D-0 Competencies for specialist capabilities
Three-quarters of the competencies needed to be an expert in rehabilitation are associated with specialist rehabilitation capabilities in practice. This is hardly surprising; indeed, it is interesting that the generic capabilities need so many competencies tailored to the requirements of rehabilitation experts. The competencies have been divided into two major groups: those associated with conditions or problems that can arise with most diseases and are not closely related to particular pathologies and those associated with organ-specific types of pathology. However, two competencies from the original medical syllabus covered matters that were traditionally the role of doctors, and they have been made into a third small group. I have adjusted them to emphasise their importance to all professions. They are concerned with the use of drugs (medications) and liaison with other services.
Table of Contents
Introduction - competencies and capabilities
Doctors have been responsible for prescribing drugs to patients since effective medications became available, and this was enshrined in law. In hospital practice, nurses were soon made accountable for giving prescribed medicines to patients and soon became responsible and could decide when to provide symptomatic drugs “as needed”. More recently, nurses, pharmacists, and other healthcare professionals can prescribe some medicines. Moreover, other healthcare professions may monitor the effects of drugs and, for many years, have suggested the use of drugs.
Doctors were also traditionally the leaders of healthcare teams; one role was making and receiving referrals. When most referrals were to other doctors, this was appropriate, but increasingly, teams deliver healthcare, and other professionals are often independent practitioners. It is no longer suitable for doctors to be the only or assumed professionals for referrals to or liaisons with other services needed by patients.
Therefore, all healthcare professionals who acquire expert rehabilitation specialist capabilities in practice demonstrate competence in the two activities in this group. This is important now and will become vital as the service delivery unit becomes multiprofessional teams rather than individual professionals.

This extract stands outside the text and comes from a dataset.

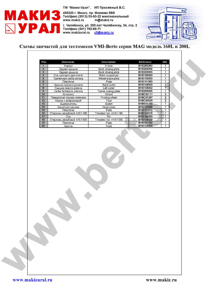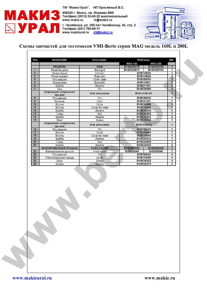 Схемы запчастей для тестомесов VMI-Berto Италия серии MAG модель 160L и 200L
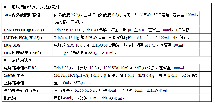 2、為達到較好的凝膠聚合效果,緩沖液的pH值要準確,10%AP在一周內使用。室溫較低時,TEMED的量可加倍。 3、未聚合的丙烯酰胺和亞甲雙丙烯酰胺具有神經毒性,可通過皮膚和呼吸道吸收,應注意防護。 試劑配制:

This diffusion of expertise into teams should increase efficiency, effectiveness, and safety as all become less dependent on the quality of specific individuals. For example, surgical practice has demonstrated this in the World Health Organisation’s preoperative surgical safety checklist, a multi-professional activity.
Pharmacological agents, drugs are potent treatments for many diseases and may lessen many troublesome impairments such as spasticity or patient experiences such as pain. At the same time, they may account for many iatrogenic problems, some due to frank errors but primarily due to a lack of attention.
In rehabilitation, as in most areas of healthcare, doctors, the primary prescribers of drugs, only see the patient intermittently. The patient is mostly in contact with the team; this is especially true for hospital inpatients but is also true in the community and care homes. Patients will report their problems to members of the team first.
Thus, the team is essential in monitoring medication’s intended and unintended adverse effects.
Furthermore, team members may notice potential areas for improving medication use. For example, they may learn about a problem that a drug might help with and be able to suggest the medicine to the doctor. Equally, a team might notice duplication of drugs, two being given where one would suffice.
One particular concern is to minimise the adverse effects of drugs. Most patients have long-term and frequently multiple conditions, see several doctors, and take medicines for years. A rehabilitation team with a holistic approach should review medication and deprescribe wherever possible. Having more team members with expertise in the use of drugs could reduce the rate of unnecessary medication.
All these benefits depend upon all rehabilitation team members knowing about medications used in their patient population. This competency addresses this need as a part of acquiring rehabilitation specialist capabilities.
Within a single healthcare organisation, the patient will be cared for by a rehabilitation team rather than a specific individual or a single profession. However, teams do not work in isolation, and most rehabilitation patients are seen by several other groups of professionals, and not only within healthcare. This is illustrated in this figure.
Most patients referred to a rehabilitation service are already in contact with some services. However, many will need assistance from other services. As I have often pointed out, there is no coherent framework for rehabilitation services; it is genuinely chaotic. This makes it impossible for a patient to negotiate the patchwork of services and is challenging for the rehabilitation team.
As with ensuring the safe and appropriate use of drugs, a team will be much better than an individual at acquiring and maintaining a bank of information about other services that might benefit your patient. It is also better if the referral is made by the team member most able to provide the necessary information and most acceptable to the other service.
Therefore, this competency is also essential for rehabilitation specialist capabilities.
This introductory page for this section has highlighted the considerable benefits of sharing competencies across as many team members as possible. It reduces dependence upon a particular person or profession. Having more people in the team able to collect information and having sufficient understanding to evaluate all aspects of the situation reduces risks of missing opportunities to prevent harm and increases efficiency and effectiveness. By ensuring that all team members have competency across various activities, often outside their specific professional expertise, we can capitalise on the power of teamwork.